|
Santa Valburga
Valburga nasceu em
Devonshire, na Inglaterra meridional em 710. Era
uma princesa dos Kents, cristãos que desde o
século III se sucediam no trono. Ela viveu cercada
de nobreza e santidade. Seus parentes eram
reverenciados nos tronos reais, mas muitos
preferiram trilhar o caminho da santidade e foram
elevados ao altar pela Igreja, como seu pai, são
Ricardo e os irmãos Vilibaldo e Vunibaldo.
Valburga tinha completado dez anos quando seu pai
entregou o trono ao sobrinho, que tinha atingido a
maioridade e levou a família para viver num
mosteiro. Poucos meses depois, o rei e os dois
filhos partiram em peregrinação para Jerusalém,
enquanto ela foi confiada à abadessa de Wimburn.
Dois anos depois seu pai morreu em Luca, Itália.

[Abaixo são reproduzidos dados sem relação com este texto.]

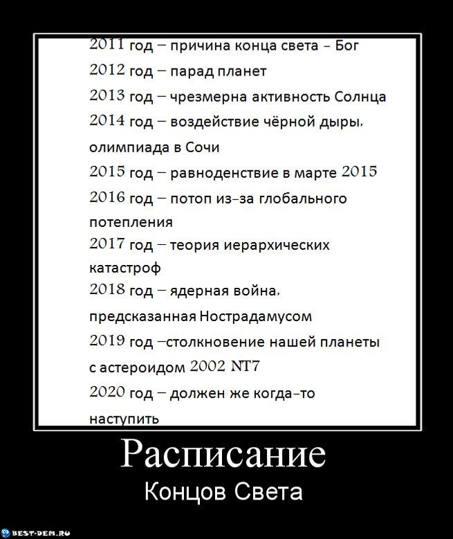Конец света ежегодно наступает 1-2.01,но для особо выносливых утром 3.01.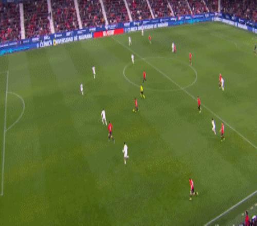 第89分钟,皇马后场失误送大礼,塞瓦略斯回传时直接将球“传到”加西亚脚下,加西亚轻松断球后传给莫罗,后者接球往前推进到禁区弧顶前再精妙直塞,加西亚及时跟进,禁区内接球冷静晃开回防球员,超近距离大力兜射,皮球应声入网,奥萨苏纳2:1绝杀皇马。客场爆冷输球后,皇马西甲8连胜被终止。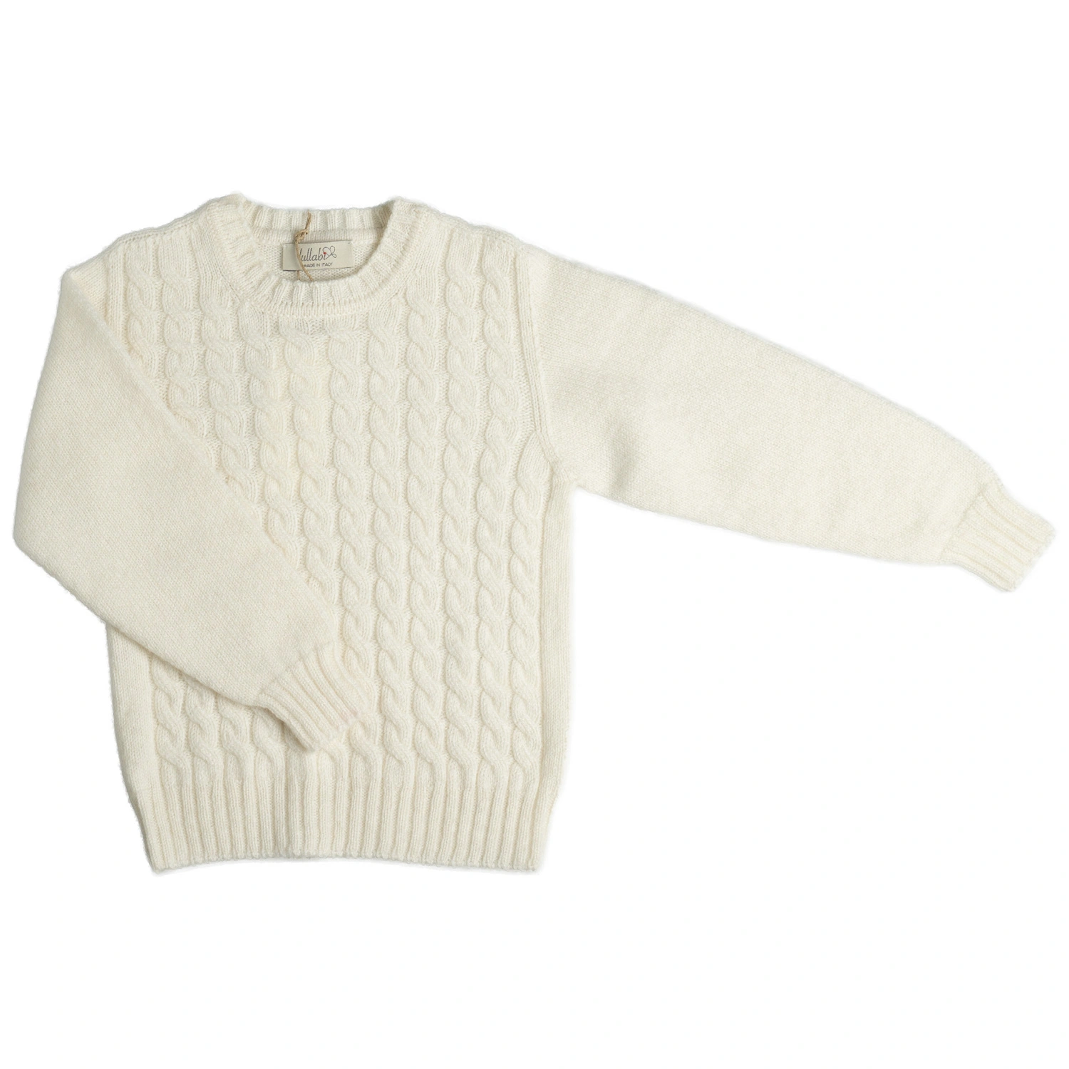 Felpa in lana e cashmere 40% Merinos extra fine, 10% Cashmere, 30% Viscosa, 20% Poliammide, che offre comfort e calore al tuo bambino.

Assim ela ficou no mosteiro onde se fez monja e se
formou. Depois escreveu a vida de Vunibaldo e a
narrativa das viagens de Vilibaldo pela Palestina,
pois ambos já eram sacerdotes.
Em 748, foi enviada por sua abadessa à Alemanha,
junto com outras religiosas, para fundar e
implantar mosteiros e escolas entre populações
recém-convertidas. Na viagem, uma grande
tempestade foi aplacada pelas preces de Valburga,
por ela Deus já operava milagres. Naquele país,
foi recebida e apoiada pelo bispo Bonifácio, seu
tio, que consolidava um grande trabalho de
evangelização, auxiliado pelos sobrinhos
missionários.
Designou a sobrinha para a diocese de Eichestat
onde Vunibaldo que havia construído um mosteiro em
Heidenheim e tinha projeto para um feminino na
mesma localidade. Ambos concluíram o novo mosteiro
e Valburga eleita a abadessa. Após a morte do
irmão, ela passou a dirigir os dois mosteiros,
função que exerceu durante dezessete anos. Nessa
época transpareceu a sua santidade nos exemplos de
sua mortificação, bem como no seu amor ao silêncio
e na sua devoção ao Senhor. As obras assistenciais
executadas pelos seus religiosos fizeram destes
mosteiros os mais famosos e procurados de toda a
região.
Valburga se entregou a Deus de tal forma que os
prodígios aconteciam com freqüência. Os mais
citados são: o de uma luz sobrenatural que
envolveu sua cela enquanto rezava, presenciada por
todas as outras religiosas e o da cura da filha de
um barão, depois de uma noite de orações ao seu
lado.
Morreu no dia 25 de fevereiro de 779 e seu corpo
foi enterrado no mosteiro de Heidenheim, onde
permaneceu por oitenta anos. Mas, ao ser
trasladado para a igreja de Eichestat, quando de
sua canonização, em 893, o seu corpo foi
encontrado ainda intacto. Além disso, das pedras
do sepulcro brotava um fluído de aroma suave, como
um óleo fino, fato que se repetiu sob o altar da
igreja onde o corpo foi colocado.
Nesta mesma cerimônia, algumas relíquias da Santa
foram enviadas para a França do Norte, onde o rei
Carlos III, o Simples, havia construído no seu
palácio de Atinhy, uma igreja dedicada a Santa
Valburga. O seu culto, em 25 de fevereiro, se
espalhou rápido, porque o óleo continuou brotando.
Atualmente é recolhido em concha de prata e
guardado em garrafinhas distribuídas para o mundo
inteiro. Os devotos afirmam que opera milagres.